Before you just go and hit "reply", please:
   a) Consider who else should be cc'ed
   b) Prefer to cc a suitable mailing list as well
   c) Ideally: find the original patch on the mailing list and do a
      reply-to-all to that, adding suitable additional cc's

*** Remember to use Documentation/process/submit-checklist.rst when testing your code ***

The -mm tree is included into linux-next and is updated
there every 3-4 working days

------------------------------------------------------
From: Aili Yao <yaoaili@xxxxxxxxxxxx>
Subject: mm,hwpoison: return -EHWPOISON to denote that the page has already been poisoned

When memory_failure() is called with MF_ACTION_REQUIRED on the page that
has already been hwpoisoned, memory_failure() could fail to send SIGBUS to
the affected process, which results in infinite loop of MCEs.

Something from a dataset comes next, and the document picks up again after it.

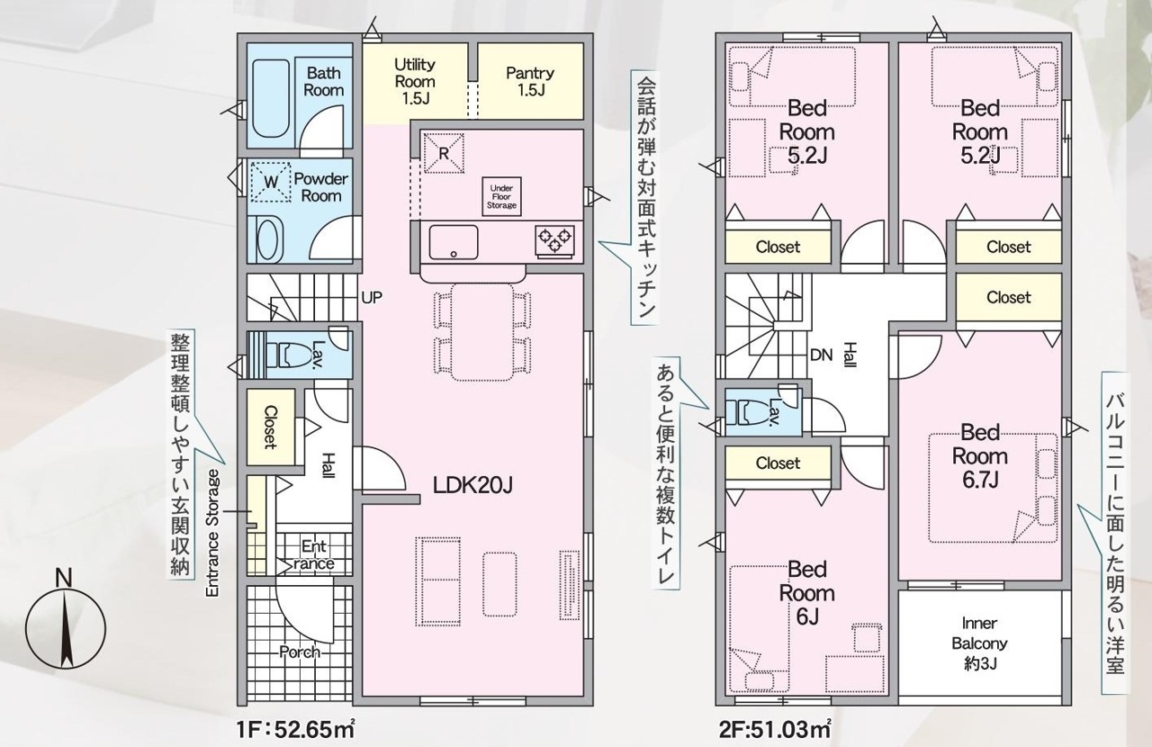 | 建物面積 | 93.55m² ~ 103.68m² 実測 | ||

Currently memory_failure() returns 0 if it's called for already hwpoisoned
page, then the caller, kill_me_maybe(), could return without sending
SIGBUS to current process.  An action required MCE is raised when the
current process accesses to the broken memory, so no SIGBUS means that the
current process continues to run and access to the error page again soon,
so running into MCE loop.

This issue can arise for example in the following scenarios:

- Two or more threads access to the poisoned page concurrently.  If
  local MCE is enabled, MCE handler independently handles the MCE events. 
  So there's a race among MCE events, and the second or latter threads
  fall into the situation in question.

- If there was a precedent memory error event and memory_failure() for
  the event failed to unmap the error page for some reason, the subsequent
  memory access to the error page triggers the MCE loop situation.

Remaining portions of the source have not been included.